Toss steamed broccoli into this (yes, I mean it!) for a double dose of greens.
• 1 lb whole wheat linguine
• sea salt
• 12 oz kale (about 4 cups leaves once you've removed the tough stems)
• 2 tablespoons butter
• 1/4 cup extra virgin olive oil
• 1/4 cup flat-leaf parsley
• 2 good-quality anchovies, drained of oil
• 2 garlic cloves, coarsely chopped
• 1/2 to 3/4 cup grated Parmesan or pecorino
• really good pinch of dried red pepper flakes (optional)
1. Put the linguine into a large saucepan of boiling slightly salted water and boil according to the package directions until it is cooked but still al dente.
2. At the same time, make the pesto. Wash the kale well and strip the fibrous leaves from their stems.
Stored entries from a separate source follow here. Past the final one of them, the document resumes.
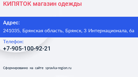 КИПЯТОК, магазин одежды по адресу 241035, Брянская область, Брянск, 3 Интернационала, 6а в дальнейшем Организация, размещена в следующих категориях: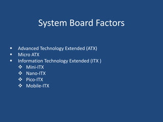 A motherboard is the main circuit board in a computer that connects the central processing unit and RAM to other components like expansion cards and ports. It contains chipsets to interface with peripherals and components like the CPU socket, memory slots, expansion slots for graphics and other cards, and front panel connectors. Key factors in motherboards include the form factor like ATX or Mini-ITX and components like the northbridge and southbridge chips that connect different parts of the system.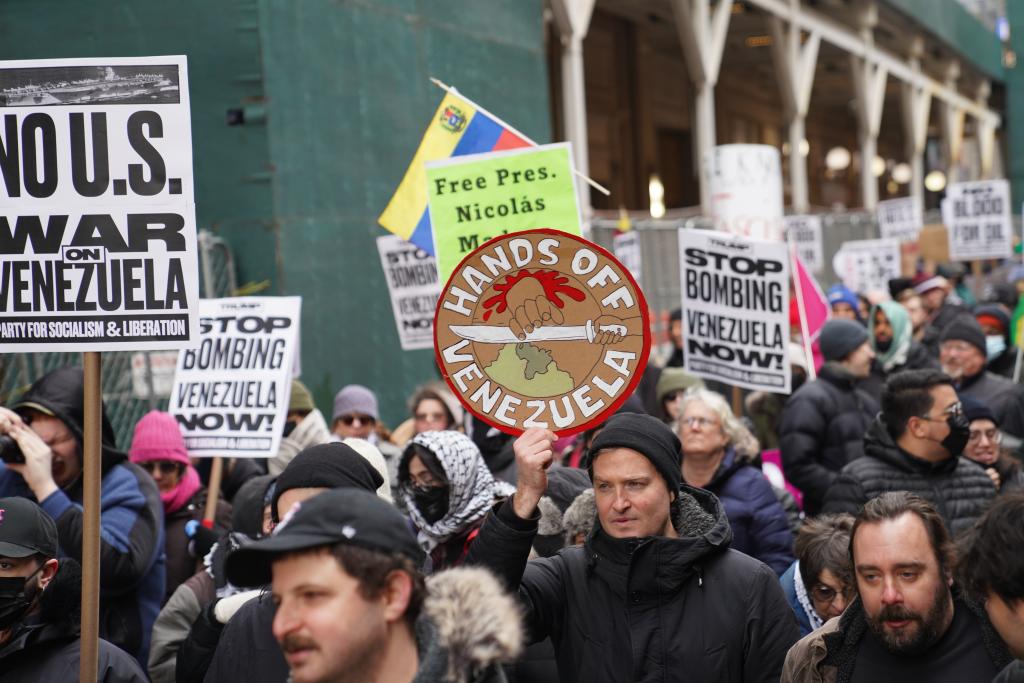 1月3日,在美国纽约,民众参加抗议集会。当日,近千名民众在美国纽约举行集会游行,抗议美国对委内瑞拉实施军事打击。新华社记者 张凤国 摄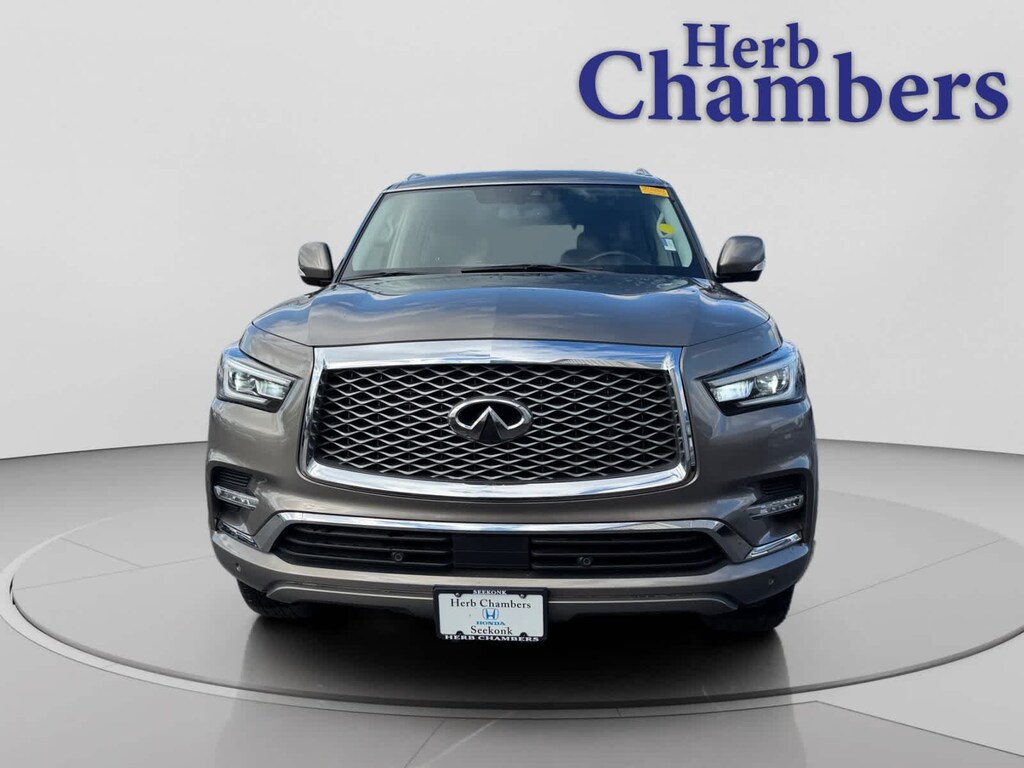 20 spare tire and alloy wheel, Wheels: 22 x 8.0 14-Spoke Forged Aluminum-Alloy, Tires: 275/50R22 H-Rated All-Season Performance, steering wheel switch for safety shield technologies, Backup Collision Intervention (BCI), Blind Spot Intervention (BSI), Lane Departure Warning (LDW), Lane Departure Prevention (LDP), Intelligent Cruise Control (Full-Speed Range), Distance Control Assist (DCA), Blind Spot Warning (BSW), wireless remote control, HDMI port, headphone jacks (x2) and USB port for audio/video input, Utilizes DVD player in front headunit, 120V Power Outlet, Wireless Headphones (2), Dual 8 Color Monitors, Factory installed, Cross bars integrate into existing roof rails for maximum utility, Wind-tunnel-tested design, Cruise Control W/Steering Wheel Controls, Smart Device Remote Engine Start, Power Door Locks W/Autolock Feature, Front Camera, Front Fog Lamps, Led Brakelights, Heated Front Bucket Seats -Inc: 10-Way Power Drivers Seat W/Dual Occupant Memory System And 8-Way Power Passengers Seat Including 2-Way Power Driver And Passenger Lumbar Support, Automatic Full-Time Four-Wheel Drive, Heated Leather/Simulated Wood Steering Wheel W/Auto Tilt-Away, Proximity Key For Doors And Push Button Start. INFINITI LUXE with Smoky Quartz exterior and Graphite interior features a 8 Cylinder Engine with 400 HP at 5800 RPM*. This QX80 is priced $900 below Kelley Blue Book.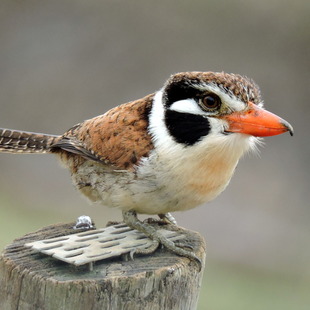 Mede cerca de 18 centímetros. A cabeça é grande em relação ao corpo, com os tons negros e cinza amarronzados fazem forte contraste as áreas brancas ao redor do olho e bico, de cor avermelhada. A coleira branca da nuca liga-se ao tom cinza claro das partes inferiores, em contraste com o dorso amarronzado. A cauda é longa e fina, com uma série de listras finas mais escuras. Pousado, quase não se vê os pequenos pés. Íris amarelada.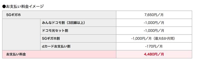 5Gギガホでは、新たに契約してからの最大6か月間、月額料金を1,000円割引く「5Gギガホ割」を提供。併せて「みんなドコモ割(3回線以上)」「ドコモ光セット割」「dカードお支払い割」を適用すると、最大6か月間、月額4,480円から利用することができる。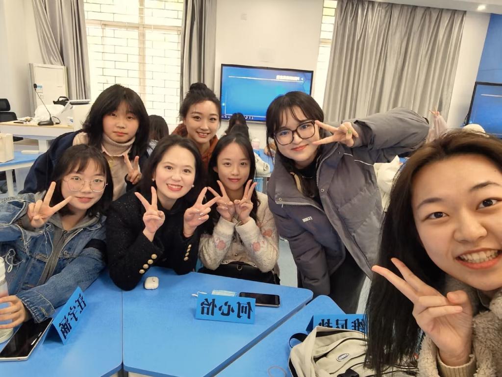 在生活中,田老师更是学生的“知心姐姐”。了解学生所思所想,关注学生心理变化,她的步伐从未停过。“大家在学习和生活中有需要帮助的地方都可以来找我沟通,我一定尽力相助。”田老师是这么说的也是这么做的。在从教的8年间,她多次指导学生参与竞赛,奖项颇丰;多次帮助学生解决生活中、思想上的各种困惑,被学生亲切地称呼为“园子姐姐”。今年,田老师担任新闻类2302班的班导师,考虑到新生远离家乡,可能会出现低落和焦虑情绪,在开学的第一次见面会上,田老师为每一位同学都准备了饮料,并且亲切地和各位同学交流。在心理安全教育班会上,田老师又以自己的经历为例,分享自己的经验并亲切嘱咐同学们要注意身体健康,多锻炼、少熬夜。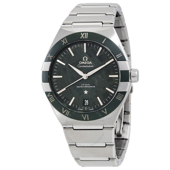 علبة وسوار من الفولاذ المقاوم للصدأ فضي اللون. إطار أخضر ثابت. ميناء أخضر بعقارب فضية اللون وعلامات ساعات رومانية. علامات دقائق حول الحافة الخارجية. نوع الميناء: تناظري. عقارب وعلامات مضيئة. عرض التاريخ عند موضع الساعة السادسة. حركة أوميغا كاليبر 8900 أوتوماتيكية، مبنية على أوميغا 8500، تحتوي على 39 جوهرة، تنبض بمعدل 25200 ذبذبة في الساعة، ولديها احتياطي طاقة يدوم حوالي 60 ساعة. زجاج ياقوت مقاوم للخدش. غطاء خلفي شفاف. شكل العلبة دائري، مقاسها: 41 مم، سمكها: 13.5 مم. مشبك قابل للطي بزر ضغط. مقاومة للماء حتى عمق 50 مترًا / 165 قدمًا. الوظائف: التاريخ، الساعة، الدقائق، الثواني. سلسلة كونستليشن. طراز ساعة رسمية. علامة الساعة: صناعة سويسرية. ساعة أوميجا كونستليشن أوتوماتيكية للرجال بمينا أخضر 131.30.41.21.99.002.
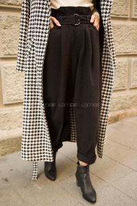Modalamelif Beli Pileli Kemerli D Tokalı Kot Pantolon Siyah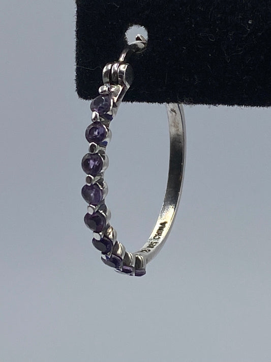 Ross Simmons Sterling Silver Amethyst Hoop Earrings

Bring a large pot of water to a boil, plunge the leaves in, and cook for five minutes. Drain well. Put the cooked kale into a food processor with the butter, extra virgin oil, parsley, anchovies, garlic, and ½ cup of the cheese. Add the red pepper flakes (if using). Process, using the pulse-blend button. I like this pesto when it isn’t completely pureed but still has quite large flecks in it, so don’t overdo it.
3. Taste, adding the rest of the cheese if you want. To be honest, I don’t need any extra; it has a great rich strong taste without it. But you decide.
4. Drain the linguine, then return it to the pan with a little of its cooking water. Mix in the pesto and serve immediately.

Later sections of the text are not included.